Sanding sealer is basically the same as your finish with stearates added to make it powder up nicely when you sand it. You can just as easily seal with a thin coat of whatever finish you are using.


----------



## Rashed (Oct 15, 2012)

Sanding sealer makes sanding easier, gives a protection to whats beneath it and it seals! I use it to seal the wood grain, I apply 3 coats and sand it until i don't feel the wood grain by my finger tips. 
There are 2 types of sanding sealer that i know NC sanding sealer and urethane sanding sealer, NC sanding sealer is cheaper, very fast drying and should be mixed with NC or lacquer thinner, indoor usage only and it will slightly change your finish stain color because its transparent yellowish. On the other hand urethane sealers are more expensive, its a system so you will need a urethane thinner and a hardener to mix with. And its better to apply it with a spray gun, it can be use for indoor and outdoor, and it wont change your finish color because its transparent.
Both sealers NC and urethane will end up in a flat finish so you will need to lay a clear coat of your choice as a final.
Really good stuff, i love it.


----------



## Rashed (Oct 15, 2012)

Ooh forgot about the process,

You stain first, seal and sand after it drys and clear coat as final.


----------



## STAR (Jan 1, 2008)

This is timely so I will ask now we know what Sanding Sealer is. What is a " Wood Conditioner : and is it different to a Sanding Sealer.
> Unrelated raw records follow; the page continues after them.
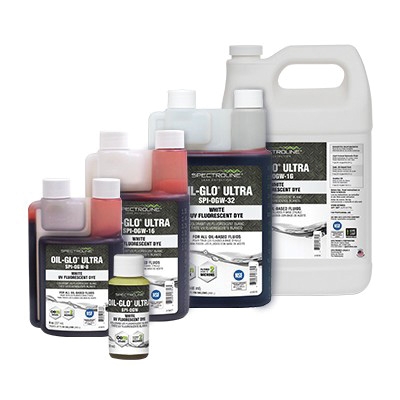 Spectroline® Oil-Glo® Ultra UV Fluorescent Leak Detection Dye, Container Size: 16 oz, Container Type: Bottle, Liquid, White, Light Blend Petroleum, Composition: Petroleum Hydrocarbon, Flash Point: 242.6 deg F, Viscosity: 2.7 cSt, For Use With: Hydraulic Systems, Pipelines, Turbines, Liquid Holding Tanks, Cooling Towers, Turbine Engines, Vacuum Systems, Natural Gas Lines, Pneumatic Systems, Propane Tanks, and Vacuum Systems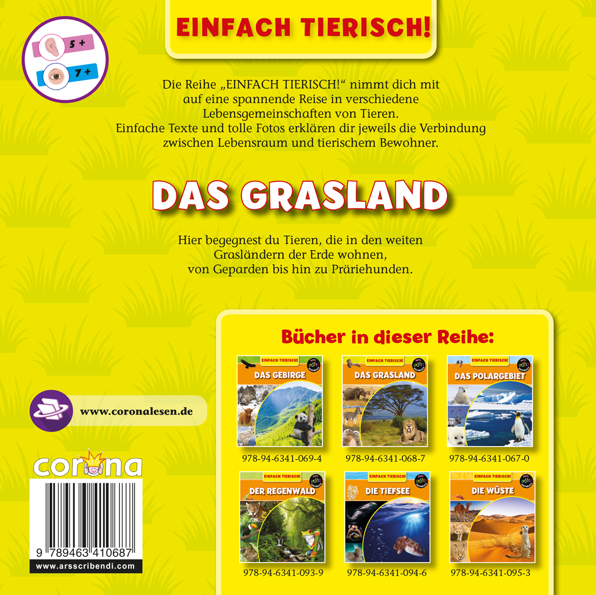 Die Reihe „EINFACH TIERISCH!“ nimmt dich mit auf eine spannende Reise in verschiedene Lebensgemeinschaften von Tieren. Einfache Texte und tolle Fotos erklären dir jeweils die Verbindung zwischen Lebensraum und tierischem Bewohner. Hier begegnest du Tieren, die in den weiten Grasländern der Erde wohnen, von Geparden bis hin zu Präriehunden.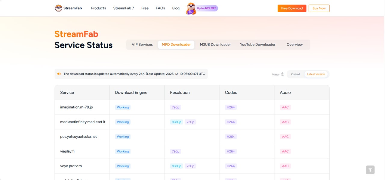 - If you want to check StreamFab DRM MPD Downloader work status, please visit the StreamFab download status page, where you can find the support sites, resolutions, audio, etc.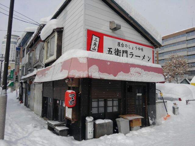 2020年02月19日 三角山 五衛門ラーメン こちらも気になっていたお店。「三角山 五衛門ラーメン」屋台のようなカウンターだけの小さなお店。塩や味噌もありましたが、看板の屋台のしょうゆ味に誘われ・・・”しょうゆラーメン”(700円)あっさりしたスープで、懐かしさを感じる優しい味。春菊や細く切ったメンマと函館にはないラーメン。次回は、”メンマトッピング&じゃこめし”でいただきたい。2泊3日の札幌旅でした。♪三角山 五衛門ラーメン 札幌市中央区南2条西9丁目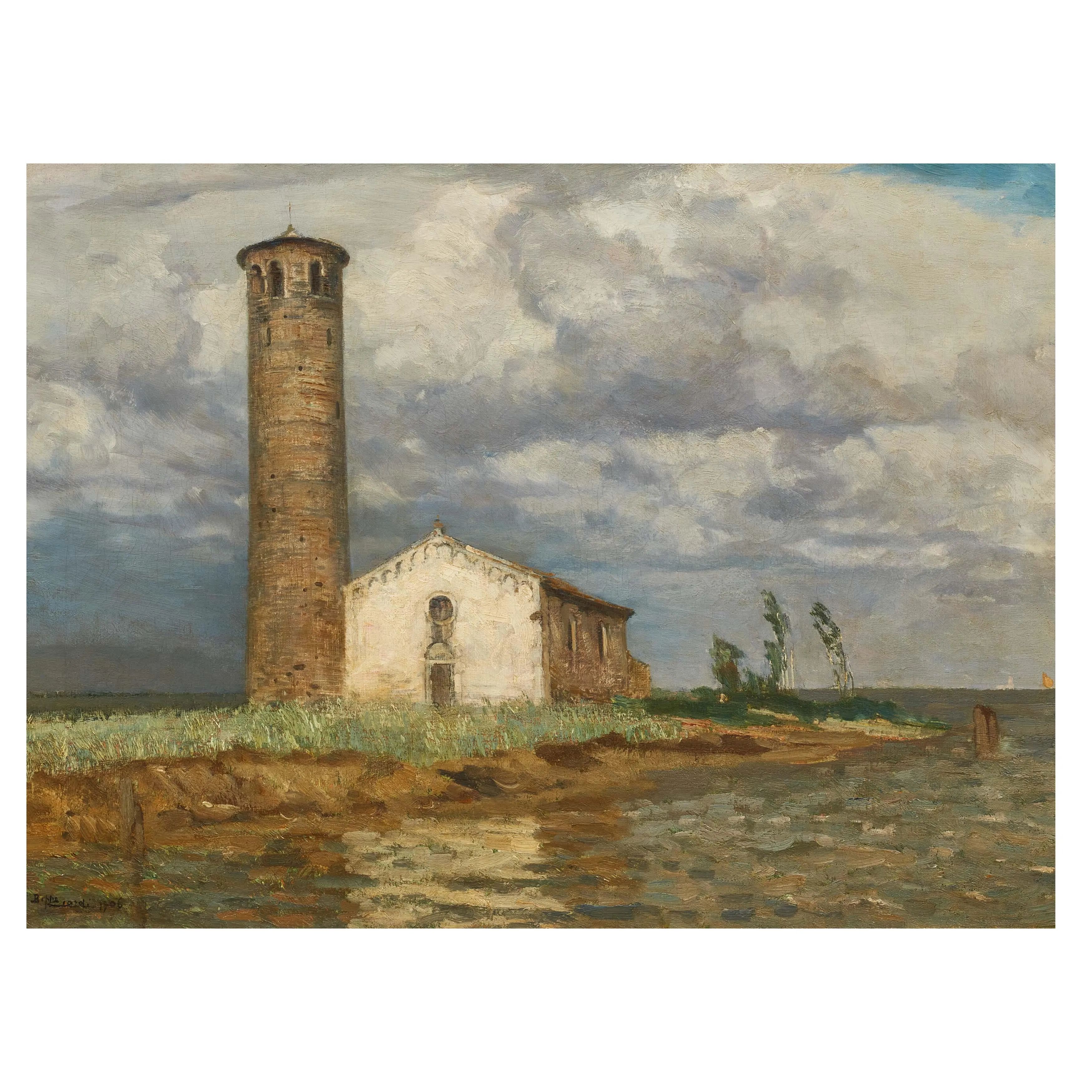 on the reverse: signed and dated "1906"; on the stretch: inscribed "Antica chiesa di TESSERA"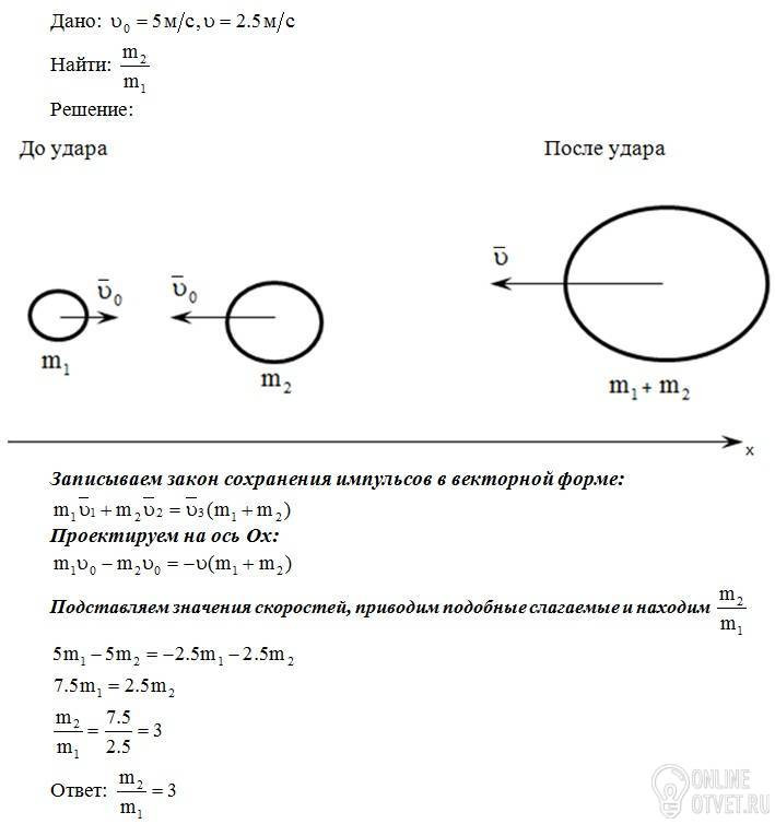Два тела, летящие навстречу друг другу со скоростями V0 = 5 м/с каждое, после абсолютно неупругого удара стали двигаться как единое целое со скорость V = 2,5 м/с. Чему равно отношение масс этих тел ?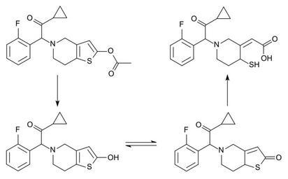 | Keywords: Prasugrel activation.svg prasugrel top left to its active metabolite top right The first and last steps are hydrolyses while the two structures at the bottom are tautomer s of each other own Anypodetos 2011-12-24 File Prasugrel active metabolite svg only the active metabolite BKchem 001 -check Prasugrel Metabolism Cc-zero |

I have used Sanding Sealer but was advised to use a Wood Conditioner on a project coming up. Is it the same or different.

Pete


----------



## Steve Neul (Sep 2, 2011)

Wood conditioner is different then sanding sealer. There are many different products that serve the purpose of wood conditioner. You can even thin linseed oil for this. There are many different kinds of wood that have very hard spots and very soft spots. When you stain these woods the soft part of the board soaks up the stain like a sponge where the hard parts don't. This is what is referred to as blotchy. A wood conditioner is a very thin sealer that the soft parts of the board soak up more of it then the hard parts. When dry the board is much more uniform in density so when you stain it, it stains more uniform because the soft wood is sealed. A sanding sealer is the same as the topcoat with the exception it has had stearates added to it to make it soft and easy to sand. It seals the wood and at the same time builds the emulation which is sanded between coats to level the finish. Once leveled then the harder topcoat is applied.


----------



## cabinetman (Jul 5, 2007)

Steve Neul said:


> A sanding sealer is the same as the topcoat with the exception it has had *separates* added to it to make it soft and easy to sand.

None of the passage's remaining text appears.